Electricity and Magnetism Level 5

As we know, the simplest capacitor, consists of two conductive plates separated by air (or any other dielectric). If the surface charge density of the plates are $\pm \sigma$ then we know that there is a homogeneous electric field between the plates given by $E=\frac{\sigma}{\epsilon_{0}}$ However, this simple expression for the electric field only works when the dimensions of the plates are much greater than its separation. In addition, the above formula only describes the field correctly at points which are far from the edges of the capacitor. Far from the center of the capacitor, the so-called "edge effects" play an important role and the magnitude of the electric field deviates from $\frac{\sigma}{\epsilon_{0}}$ . In order to verify this, determine the magnitude of the electric field in volts per meter at a point P located at the corner of the capacitor and right between the plates. The surface charge density of the plates is $\sigma= 1~\mbox{nC/m}^{2}$ .

Details and assumptions

$\epsilon_{0}=8.85\times 10^{-12}~\mbox{F}\cdot \mbox{m}^{-1}$

The answer is 28.25.

5 solutions

Maharnab Mitra
Oct 13, 2013

Consider the two plate system as a whole unit. If there were four such units around point P, P would have been the centre of the new bigger capacitor and the electric field at P would have been $\frac{\sigma}{\epsilon_o}$ . As there is only one part present, electric field at P is reduced to $\frac{\sigma}{4 \epsilon_o}$ . Putting in the corresponding values, we get the answer as $28.25Vm^{-1}$ .

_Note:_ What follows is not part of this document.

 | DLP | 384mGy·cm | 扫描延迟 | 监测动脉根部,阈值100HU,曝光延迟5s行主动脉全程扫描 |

Didn't think about this. After thinking that Gauss law is impossible to use, I started integrating. But the integral became too hard so I left it!

Snehal Shekatkar - 7 years, 7 months ago

What will be the electric field at point P if that is two parallel circular plates?

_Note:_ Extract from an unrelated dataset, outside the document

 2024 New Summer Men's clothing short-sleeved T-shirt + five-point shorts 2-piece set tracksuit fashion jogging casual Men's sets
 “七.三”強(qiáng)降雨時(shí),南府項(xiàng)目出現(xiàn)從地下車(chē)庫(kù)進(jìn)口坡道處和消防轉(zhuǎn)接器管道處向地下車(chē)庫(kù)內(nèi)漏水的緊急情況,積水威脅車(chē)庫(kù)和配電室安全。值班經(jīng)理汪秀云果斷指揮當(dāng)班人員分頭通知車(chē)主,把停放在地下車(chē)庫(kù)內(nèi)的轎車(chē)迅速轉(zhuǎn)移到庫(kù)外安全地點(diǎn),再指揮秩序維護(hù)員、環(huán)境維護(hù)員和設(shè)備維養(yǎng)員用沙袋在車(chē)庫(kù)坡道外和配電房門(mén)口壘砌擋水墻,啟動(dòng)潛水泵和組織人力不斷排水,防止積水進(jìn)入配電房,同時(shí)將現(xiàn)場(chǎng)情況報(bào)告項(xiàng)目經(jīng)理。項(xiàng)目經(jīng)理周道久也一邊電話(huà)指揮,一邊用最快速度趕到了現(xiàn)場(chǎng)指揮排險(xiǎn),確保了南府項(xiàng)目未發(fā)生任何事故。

Anjishnu Adhikari - 5 years ago

How will you guarantee that electric field will have no components parallel to plate? If you prove that, then it's fine.

Ananjan Nandi - 2 years, 4 months ago

@Ananjan Nandi right

Danish Javed - 2 years, 2 months ago

Devansh Agrawal
Oct 18, 2013

This question is very simple.

Notice that at position P, if it were an infinite plate, there would be 3 more pairs of plates around it (in the 3 other quadrants)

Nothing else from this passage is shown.